* AIM OF THE EXERCISE:
Take from the entries below the stretch from the line with "Mid-Century Modern tissue" through the line with "הגאון הרב רפאל", and return it exactly, leaving the pictures out.

* GIVEN RECORDS:
○ ○ ○
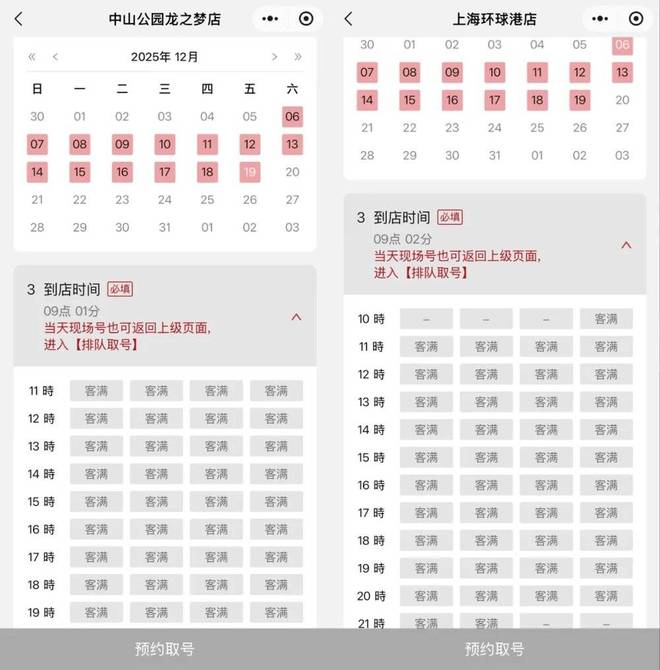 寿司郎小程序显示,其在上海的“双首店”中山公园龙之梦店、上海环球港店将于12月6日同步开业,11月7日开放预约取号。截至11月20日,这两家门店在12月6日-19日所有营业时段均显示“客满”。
○ ○ ○
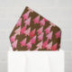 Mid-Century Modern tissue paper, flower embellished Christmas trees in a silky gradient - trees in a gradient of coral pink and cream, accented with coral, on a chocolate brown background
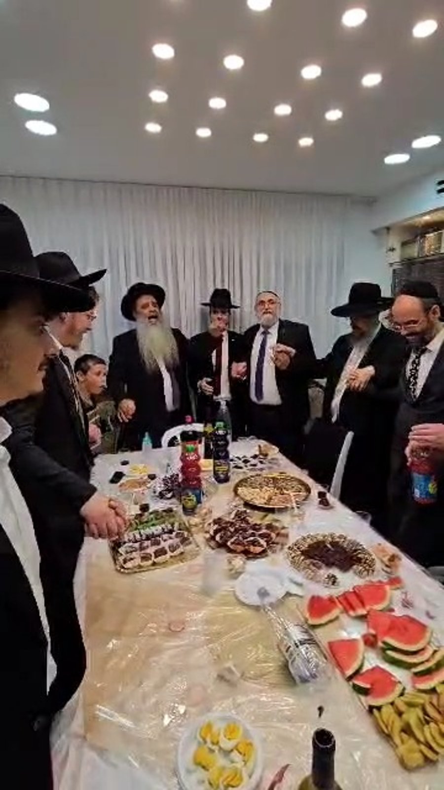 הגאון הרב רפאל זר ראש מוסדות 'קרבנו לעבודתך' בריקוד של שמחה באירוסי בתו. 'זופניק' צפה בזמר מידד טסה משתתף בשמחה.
○ ○ ○
* FINISHED EXERCISE:
 Mid-Century Modern tissue paper, flower embellished Christmas trees in a silky gradient - trees in a gradient of coral pink and cream, accented with coral, on a chocolate brown background
 הגאון הרב רפאל זר ראש מוסדות 'קרבנו לעבודתך' בריקוד של שמחה באירוסי בתו. 'זופניק' צפה בזמר מידד טסה משתתף בשמחה.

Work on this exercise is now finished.